The session included a four-person panel comprised of industry experts from refining companies and other technology specialists responding to selected questions and then engaging attendees in discussion of the relevant issues (see accompanying box).
The only disclaimer for panelists and attendees was that they discuss their own experiences, their own views, and the views of their companies. What has worked for them in their plants or refineries might not be applicable to every situation, but it can provide sound guidelines for what would work to address specific issues.
Safety
For the isomerization unit, what is your treatment for streams containing high concentrations of hydrochloric acid (HCl) in the reactor emergency depressurization system?
Sugg: Currently, UOP doesn’t include treatment of gas from the reactor effluent as it enters the flare header using the emergency depressuring system in our Penex or Butamer process unit designs. So, depressuring to flare with a highly concentrated hydrogen chloride stream isn’t to be taken lightly due to possible corrosion in the flare system, because the flare headers are typically wet. Before depressuring the reactors to flare, steps should be taken by operations personnel to minimize the volume of gas to flare. One of these steps is to decrease the reactor-section pressure to just above the net-gas scrubber pressure through the stabilizer scrubber so that the amount of acidic gas sent to the flare is minimized.

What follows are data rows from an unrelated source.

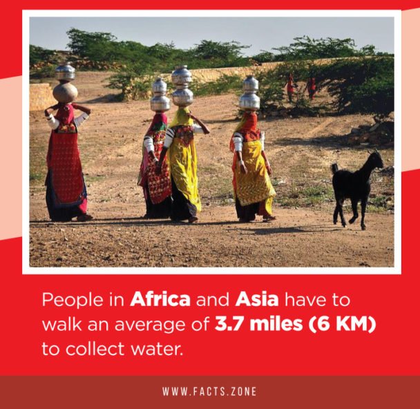 People in Africa and Asia have to walk an average of 3.7 miles (6 KM) to collect water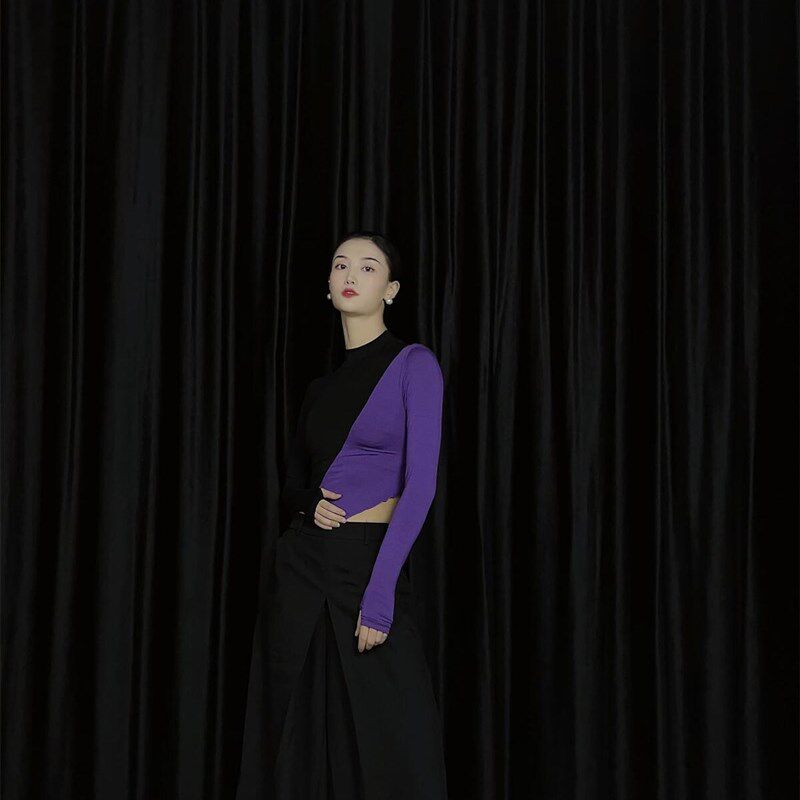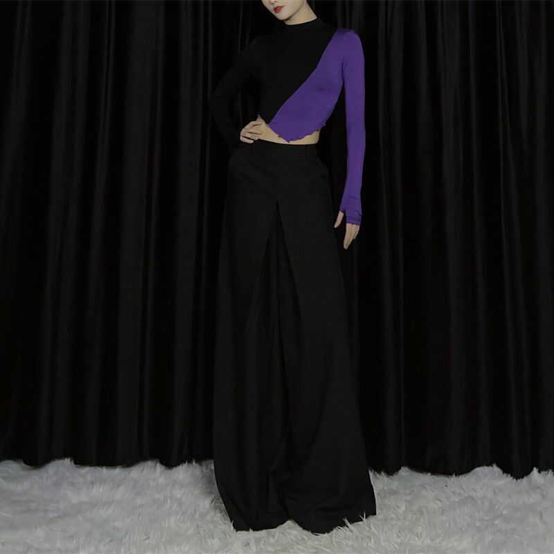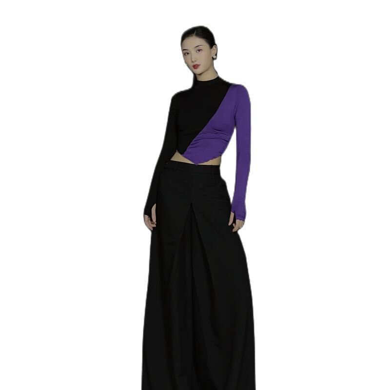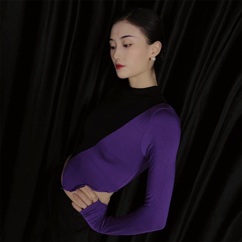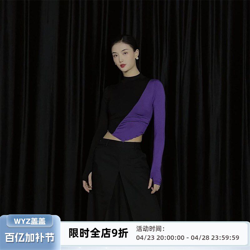 📚 速发WYZ盖盖高领撞色t袖长恤不规则紧身上衣士
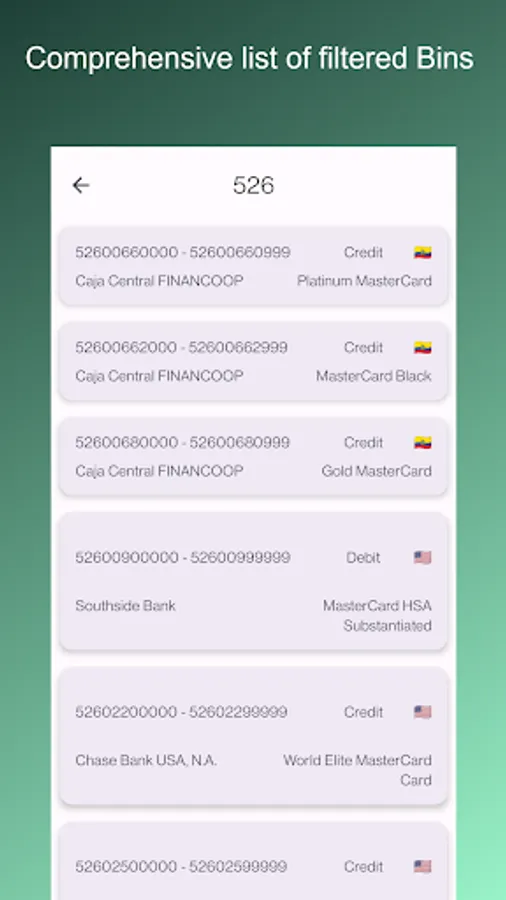 Our app features a comprehensive database of BIN numbers for all major credit and debit card issuers, making it easy to quickly identify the issuer of any card. You can also search for BIN numbers by issuer name or card type.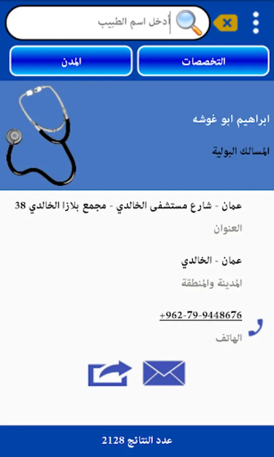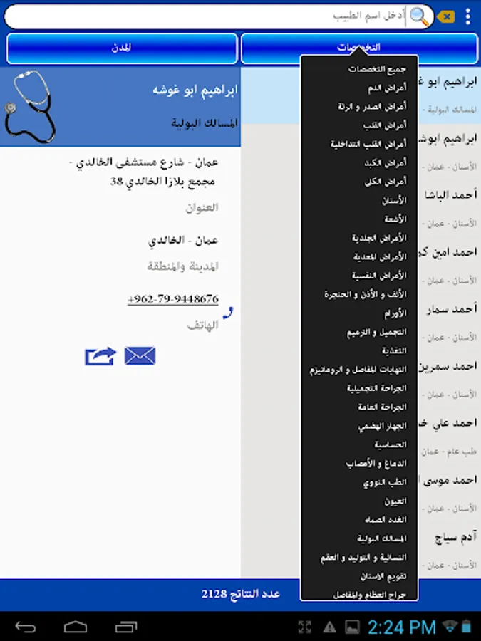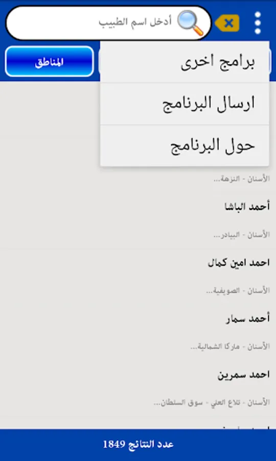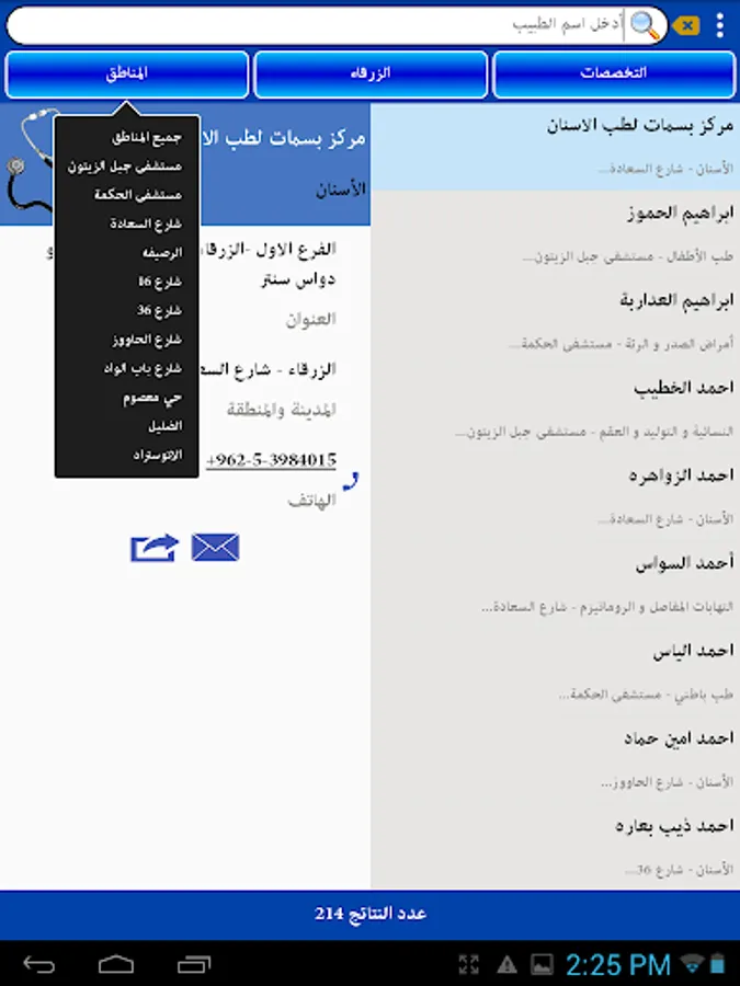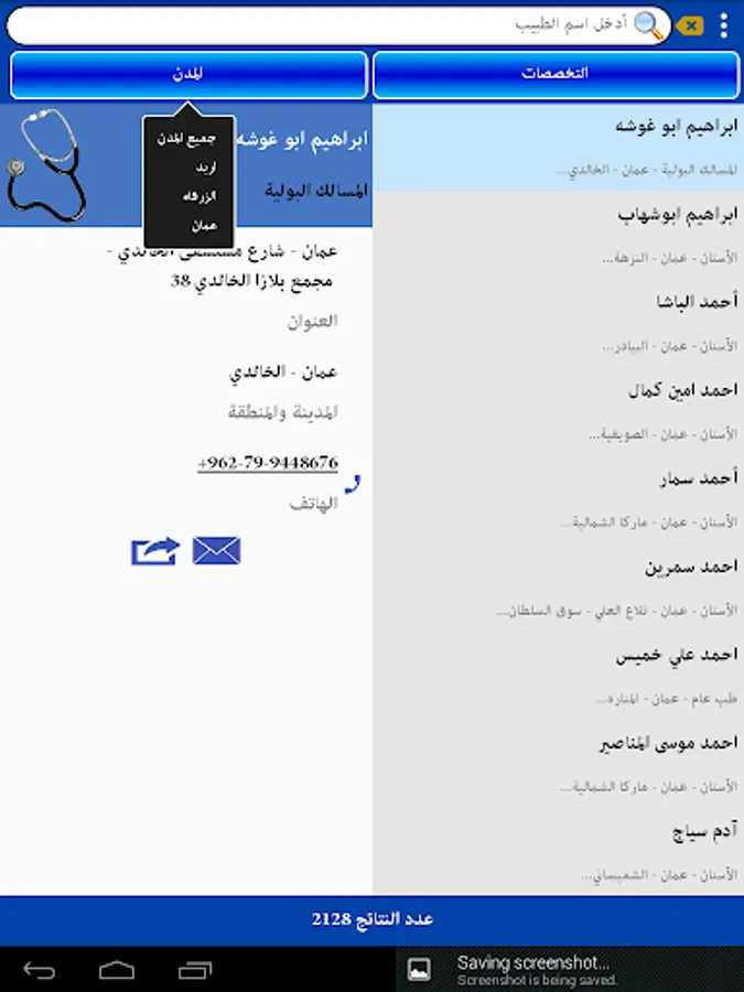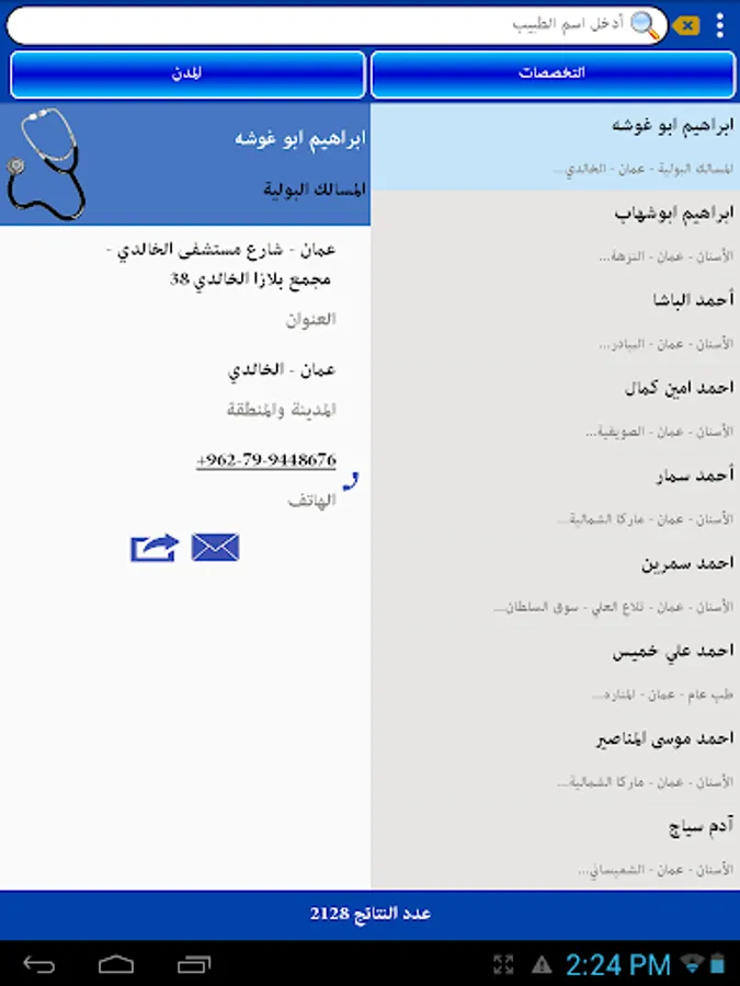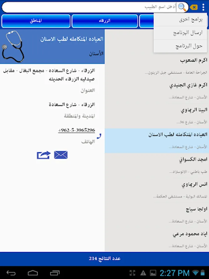 Jordanian doctors guide a program that contains an updated list of addresses and phone numbers of a large group of private doctors' offices in the city of Amman and Zarqa and Irbid city, the program also provides the ability to search by name, competence and the city and the region.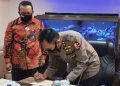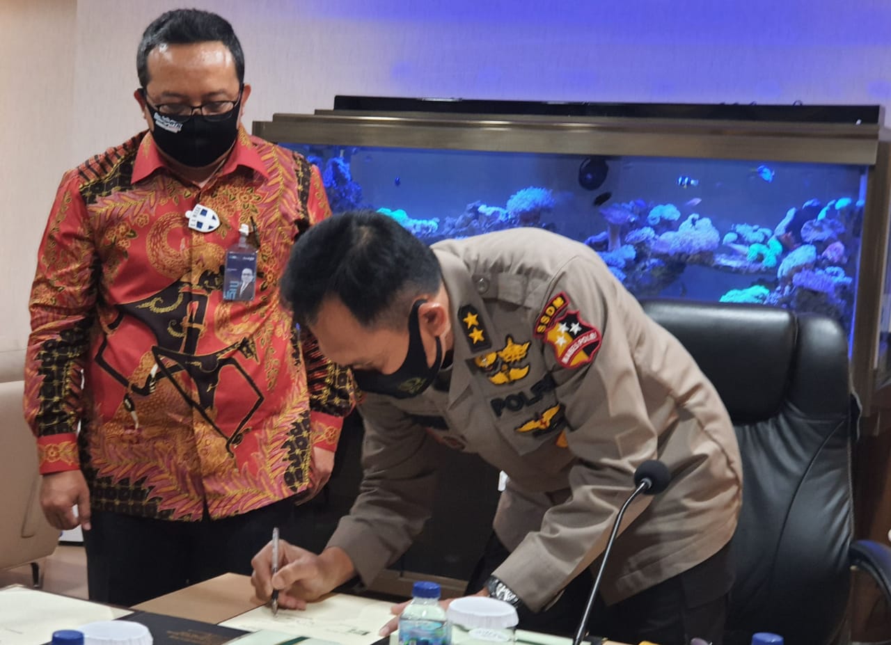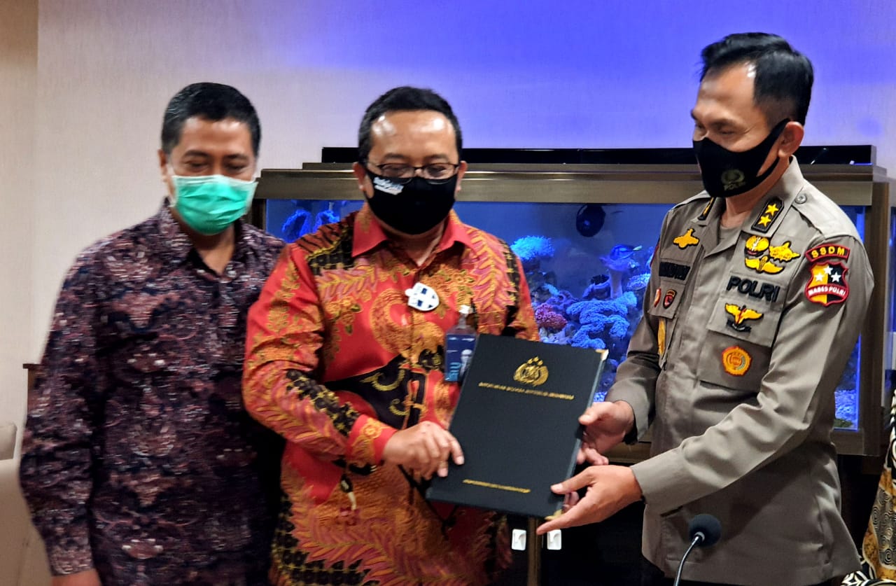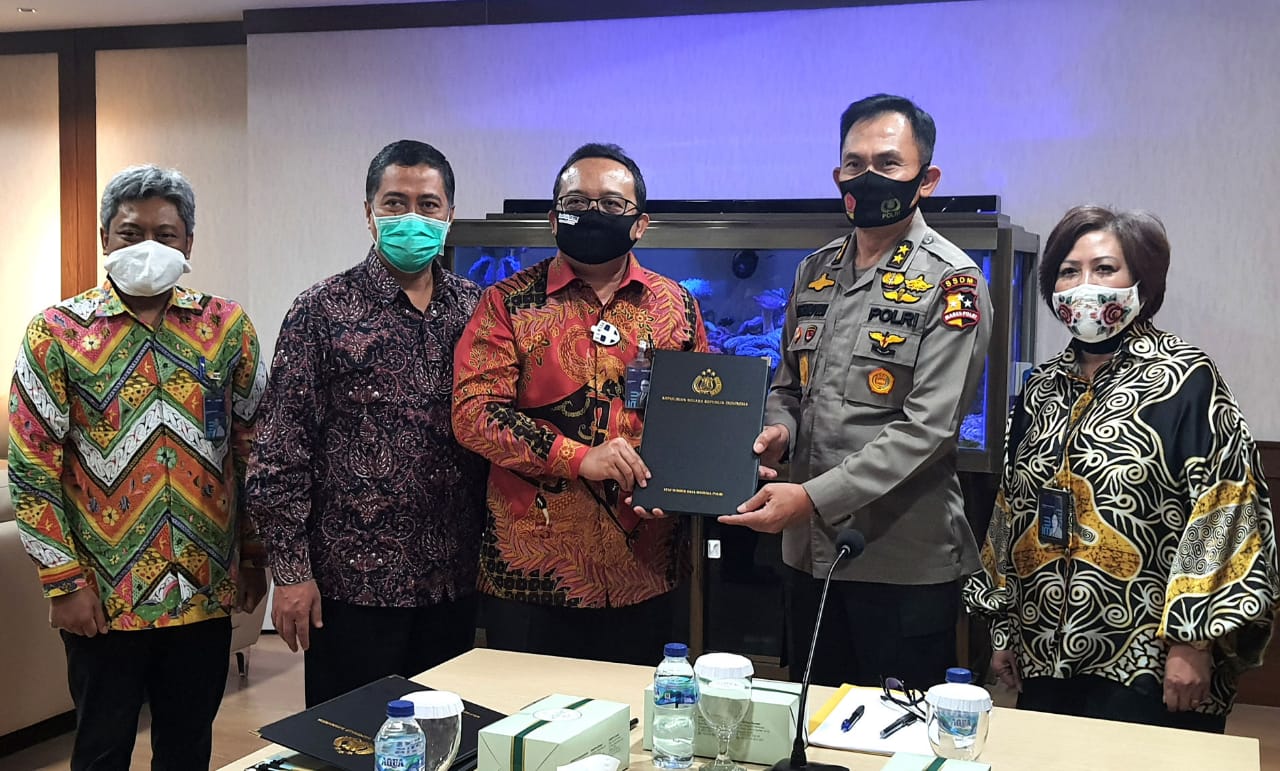 Direktur Operation, IT & Digital Banking PT Bank Tabungan Negara (Persero) Tbk. Andi Nirwoto (tengah) menujukkan Perjanjian Kerjasama yang telah ditandatangani bersama Asisten Kapolri Bidang SDM Irjen Pol Drs Sutrisno Yudi Hermawan (kedua dari kanan) didampingi oleh Direktur Consumer & Commercial Lending Bank BTN,Hirwandi Gafar (Kedua dari kiri) dan Kepala Divisi Subsidized Mortgage Lending Division Bank BTN M. Yut Penta (kiri) dan Executive Vice President Nonsubsidized Mortgage & Consumer Lending Division (NSLD) BTN Suryanti Agustinar (kanan) di Jakarta, Rabu (19/8). Bank BTN dan Kepolisian Negara Republik Indonesia (Polri) menjalin kerjasama bidang Pemanfaatan Jasa Layanan Perbankan yang melingkupi diantaranya pemberian fasilitas KPR baik subsidi maupun non subsidi, cash management, payroll, kredit konsumer dan lain sebagainya. Kerjasama tersebut merupakan strategi Bank BTN mempermudah akses kepala jajaran Polri untuk mendapatkan pembiayaan dan layanan perbankan yang berkualitas.

Further, upon completing the depressuring step, UOP recommends following with the dry gas purge—preferably nitrogen—to sweep the acid gases from the flare system. During or after purging with nitrogen, it’s recommended to drain low-point drains in the section of the flare header where acidic-free water can collect and cause corrosion. For Penex and Butamer units, experience has shown that extensive corrosion hasn’t occurred in the flare system with the procedures and guidelines provided. UOP is aware of an isolated incident in which a customer reported substantial corrosion to its common flare-header section. But after changes in the customer’s procedures and changes to the physical layout of their flare-header system, the corrosion was no longer reported.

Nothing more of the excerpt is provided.